Barrer la route à l’insécurité
D’après le rapport, maintenir la reprise d’une croissance en hausse n’est pas une garantie. Et pour cause, le document souligne que les perspectives de croissance sont très incertaines, notamment, en raison de l’insécurité et de l’instabilité politique. Bien que l’activité minière, qui contribue de manière importante au PIB et aux recettes publiques, doive reprendre en 2023, cette reprise est loin d’être garantie.
L’impact économique de la guerre en cours en Ukraine a été mentionné dans le document. Celui-ci se fait principalement sentir par la hausse des prix mondiaux des denrées alimentaires, des carburants et de l’énergie, étant donné que les échanges commerciaux, les investissements et les liens migratoires (vers ou depuis la Russie et l’Ukraine) sont limités. Bien que les prix internationaux des céréales et des carburants aient baissé par rapport aux sommets atteints à la mi-2022, une nouvelle escalade de la guerre ou l’échec des accords d’exportation de céréales risquerait de déclencher à nouveau une hausse des prix, fait savoir le rapport.

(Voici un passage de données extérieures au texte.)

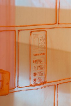 The remaining two “Passage” fabric installations can be occupied. The “Wielandstr. 18, 12159 Berlin, Germany – 3 Corridors” embodies the exhibition’s title, articulating an extended hallway in colorful textiles with doorways and side passages—including a fire extinguisher, light switches, and exit signage. The three-story “348 West 22nd Street, New York, NY 10011, USA – Apartment A, Corridors and Staircases” is the most impressive structure in the exhibition, given its lofty height and structural detail. This full-scale commemoration of the climb to Suh’s former apartment, in Chelsea, New York, includes a bi-color textile rendition of a wooden stair and balustrade, walls and openings, and even sprinklers and light fixtures. The building’s structure is absent, allowing viewers to appreciate the floor plates, stair undercarriage, and plenum as voids. As with Suh’s other fabric installations, a metal-wire skeleton provides structural support and is cleverly painted to match the textile panels attached to it. In this way, the structure nearly vanishes while foregrounding its ephemeral skin.

Une hausse des prix aggraverait l’insécurité alimentaire. D’un côté, la hausse des prix de l’or profiterait au Burkina Faso, lui permettant de renforcer les comptes courants et budgétaires. Enfin, les secteurs de l’agriculture et de l’élevage, essentiellement pluviaux, qui représentent environ 20% du PIB et emploient plus de 90% des pauvres du pays, restent très vulnérables aux chocs climatiques et aux catastrophes naturelles telles que l’infestation parasitaire de 2022.o
Ambéternifa Crépin SOMDA
Encadré
Hausse de plus de 40% des dépenses sécuritaires
Le budget du Burkina Faso pour la défense et la sécurité en 2023 est 40,8% plus élevé qu’en 2022 et devrait atteindre 21,3% des dépenses publiques totales. L’augmentation de l’allocation pour la défense et la sécurité se fait au détriment des dépenses des ministères sectoriels, notamment, l’Urbanisme (-29,3%), les Sports (-19,2%), la Communication (-16,1%), la Santé (-9%) et les Infrastructures (-6,8%). Les pressions continuent sur les dépenses liées aux besoins de sécurité et aux salaires du secteur public, ainsi que les difficultés rencontrées dans la mobilisation des recettes pourraient exercer une pression supplémentaire sur le budget du gouvernement. La matérialisation de ces risques pourrait entraver la capacité du gouvernement à faire face aux multiples crises qui s’aggravent (y compris l’insécurité alimentaire) tout en ayant un impact négatif sur les projections macroéconomiques de base.
Source : Rapport annuel Banque mondiale intitulé « Note sur la situation économique au Burkina Faso.